Девушка из службы занятости говорила, что в двух милях от поселка есть гостиница, но Бритт-Мари не допускала и мысли, чтобы чужие люди стелили ей постель. Конечно, некоторые только и думают, как бы куда-нибудь уехать, чтобы все стало по-другому. А Бритт-Мари мечтала быть дома и чтобы все было как всегда. Чтобы рядом был Кент, а в шкафчике – почти полный флакон «Факсина». Чтобы самой стелить себе постель.
Не то чтобы Бритт-Мари не нравилось, как это делают горничные отеля, ни в коем случае, но, когда они с Кентом живут в отеле, она всегда вешает на дверь табличку «Не беспокоить» и сама стелет постель и прибирает в номере. Не потому, что осуждает других, вовсе нет, – у Бритт-Мари есть рациональные основания делать все самой. Например, горничные вполне могут оказаться из тех, кто осуждает других, и Бритт-Мари меньше всего хочется, чтобы горничные вечером принялись обсуждать, какая грязища в номере четыреста двадцать третьем. Это рациональное основание. Людей ведь хлебом не корми – дай поосуждать других, и что, если это касается и горничных?
Бывало, Кент ошибался со временем регистрации обратного рейса («Эти сволочи даже время в билете не могут правильно указать!»), так что приходилось пускаться в путь среди ночи, даже не приняв душ. Тогда перед выходом Бритт-Мари бросалась в ванную и на несколько секунд включала душ, чтобы горничная, когда явится убирать, увидела бы воду и не подумала бы, будто постояльцы из четыреста двадцать третьего номера оделись не помывшись.
Кент фыркал, что ее чересчур волнует, что о ней подумают.
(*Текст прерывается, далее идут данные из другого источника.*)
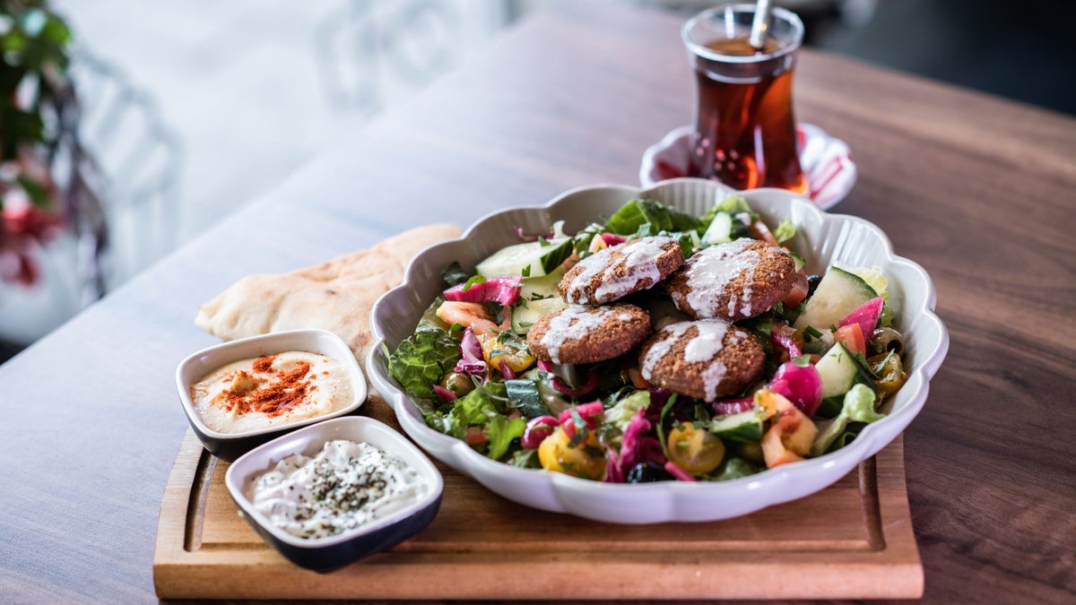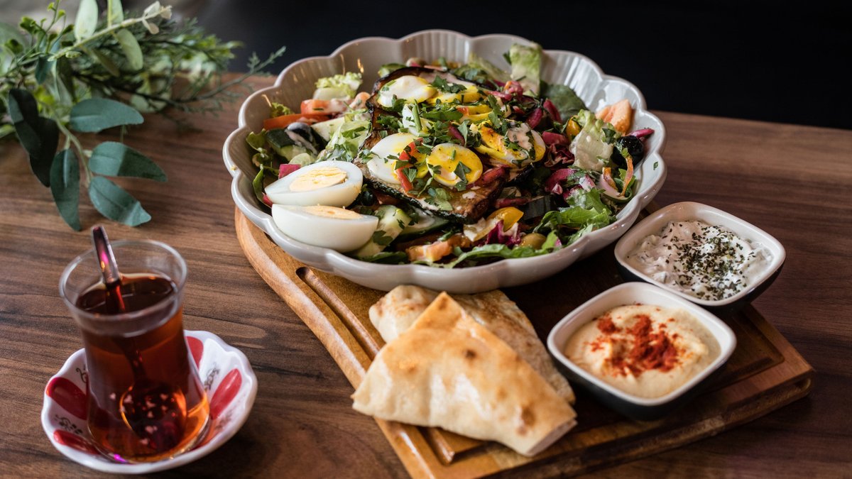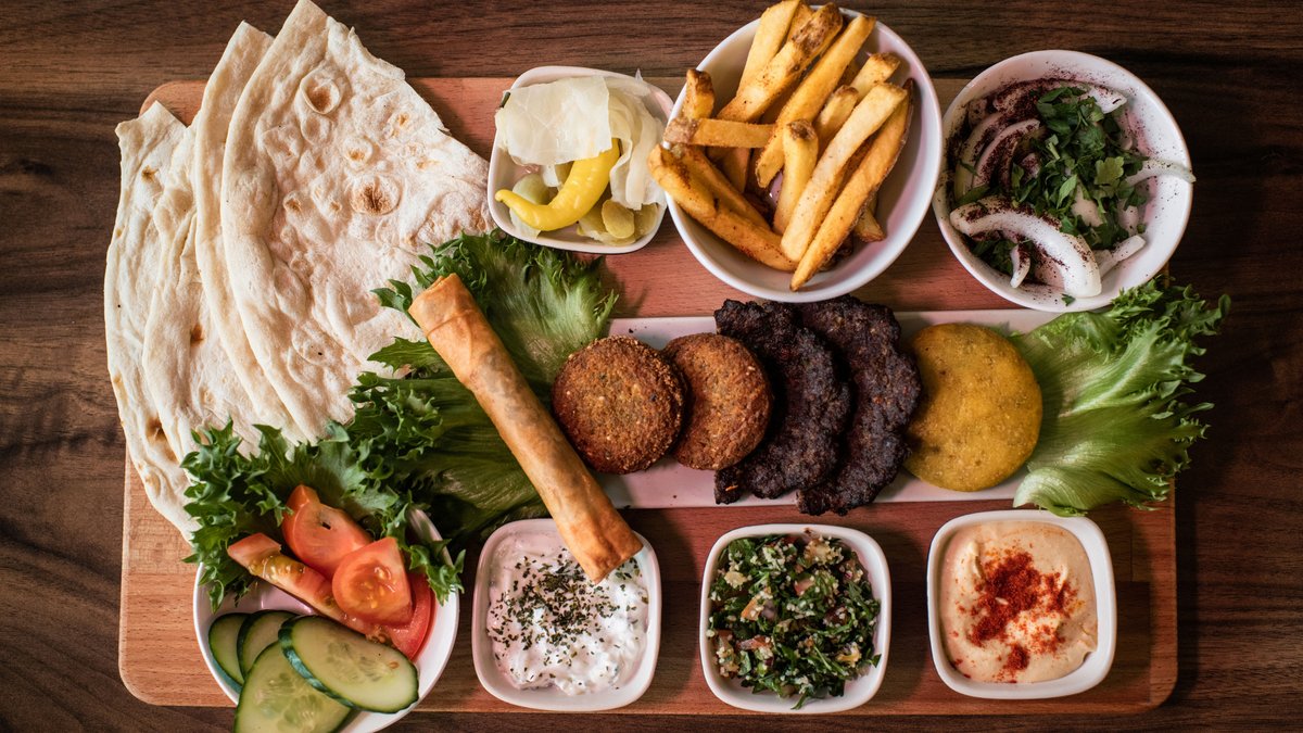 Erilaiset salaatit, kubba, börek, kebab, falafel (annokseen kuuluu leipä ja kahvi tai teetä)

И до самого аэропорта у Бритт-Мари внутри все кричало. Ведь ей абсолютно все равно, что подумают о ней.
Ей не все равно, что подумают о Кенте.
Бритт-Мари не помнит, когда ему стало все равно, что о ней подумают. Помнит, когда ему было не все равно. Когда он еще смотрел на нее, словно знал, что она есть. Трудно определить, когда расцветает любовь; однажды проснешься – а цветок распустился. И то же самое, когда любовь увядает: однажды становится поздно. В этом смысле у любви много общего с балконными растениями. Иногда не помогает даже сода.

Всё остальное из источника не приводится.